The integration algorithm (see [1]) proceeds along the following lines:

- pixel-labelling: the x,y,z, center of each pixel of the detector (z corresponds to phi, and the z pixelsize is delta-phi) is assigned to its closest (predicted) reflection in reciprocal space. As a consequence,
*each pixel of the detector is used for at most one reflection*. - transformation to local coordinate system: some of these pixels will mostly allow the background estimation, others will mostly contribute to the integration area (but there is not a 1:1 relationship).
- average profile: the average profile is formed on a grid (using the 3D local coordinate system) from strong reflections. The signal part of the profile is defined by those gridpoints of the average profile that are above a threshold (called "CUT" in XDS.INP).
- estimating the intensity: for each reflection, the background is estimated, and the 3D profile is assembled from the pixels contributing to it. Pixels which are mostly background but whose counts are higher than expected (e.g. due to overlap) are rejected.
- handling overlap: not all pixels of a reflection, which would be required to assemble its full profile (whose shape is given by the average profile), may have been observed due to step 1. Therefore, in another pass, for each reflection, the observed fraction of its theoretical profile is calculated. If this fraction is less than a threshold (called "MINPK" in XDS.INP), this reflection will be discarded ("too much overlap"). If it is above MINPK, the observed intensity (from the incomplete profile) is scaled up with the inverse of the fraction.

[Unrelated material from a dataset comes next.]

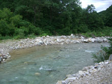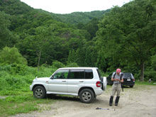 | 東俣に向かって・・・ | やっと、林道に出る。(支点) | 東俣登山口に着く。そして、 長い林道歩きが待っていた。 |
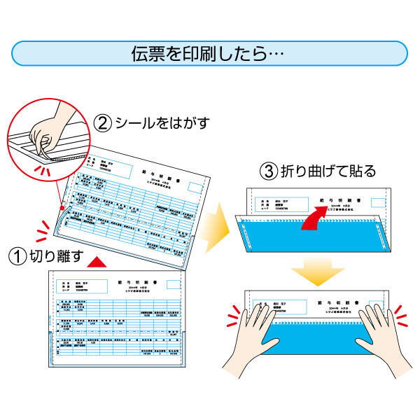 ○売れ筋の給与明細GB1172の粘着テープ付密封式。封筒に入れる手間がいりません。

Among other things, this means that:

- there is
*no conceptual difference*in XDS*between overlap in x,y*(due to too close detector, or smeared spots),*and overlap by phi rotation*(due to too large delta-phi, or high mosaicity). - the program does
*not*look around each reflection to detect an overlap situation, it just gathers the pixels for each reflection. - if two reflections differ in phi, but have the same position on the detector, then, as a consequence of step 1 the pixels are assigned to that reflection whose phi-calc is closest to the phi of the frame considered. The relative intensities of these reflections are not taken into account because at this stage they are unknown! Thus,
*no deconvolution is attempted*. - as a user, when your crystal-detector distance was chosen too low, or the reflections are very broad, or if the crystal has a high mosaicity (all of which result in many overlaps), you may try reducing MINPK down to some percentage between 75 and (say) 50. This will result in more completeness,
*but you should monitor the quality of the resulting data*. Conversely, if you raise MINPK above its default of 75 you will discard more reflections, but the resulting dataset may be cleaner - again:*check the statistics*. - this method degrades if the average profiles cannot be completey formed, as the scaling-up relies on their accuracy. This may happen if the reflections are too close in x,y and, at the same time, the mosaicity is high (such that no lunes exist, with edges that help constructing the average profiles).
*It is therefore useful to check the printed profiles in INTEGRATE.LP*.